Exercise material START

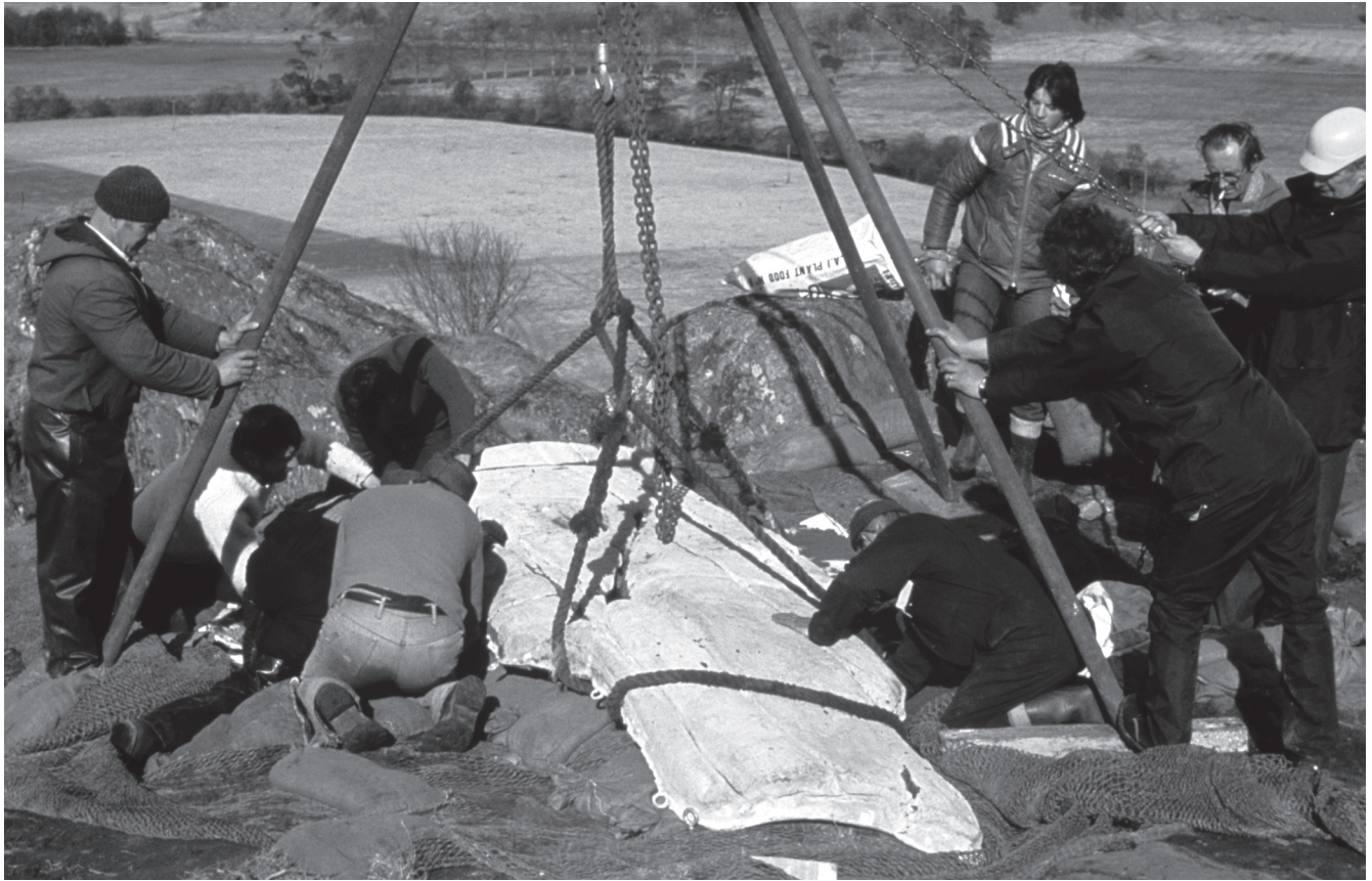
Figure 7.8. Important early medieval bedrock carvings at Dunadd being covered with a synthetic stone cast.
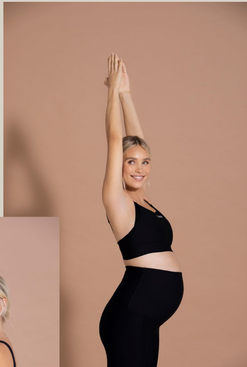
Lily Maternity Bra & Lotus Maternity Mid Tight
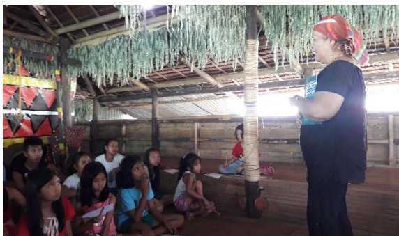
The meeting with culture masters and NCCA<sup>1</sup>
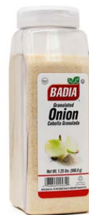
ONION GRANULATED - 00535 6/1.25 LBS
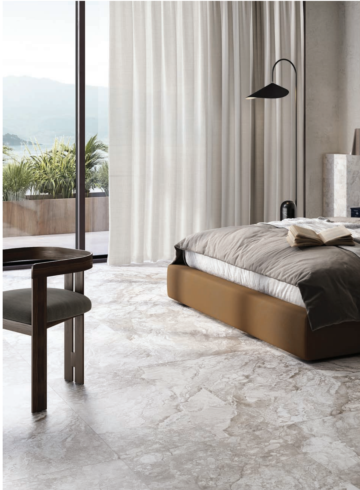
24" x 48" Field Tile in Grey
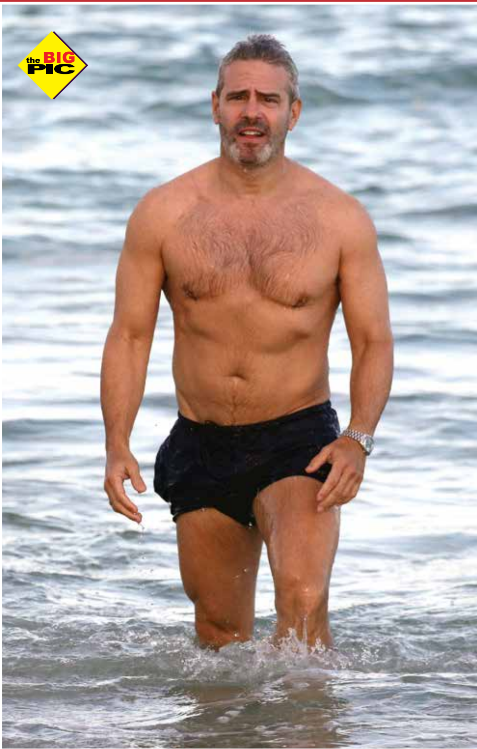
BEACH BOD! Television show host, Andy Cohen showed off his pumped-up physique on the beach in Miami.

Exercise material END

**About this exercise:**
Could you reproduce exactly, and only, the lines from the one containing "Lily Maternity Bra" through the end of the records above, both included, while leaving out the pictures?

**Task answer:**
Lily Maternity Bra & Lotus Maternity Mid Tight
The meeting with culture masters and NCCA<sup>1</sup>
ONION GRANULATED - 00535 6/1.25 LBS
24" x 48" Field Tile in Grey
BEACH BOD! Television show host, Andy Cohen showed off his pumped-up physique on the beach in Miami.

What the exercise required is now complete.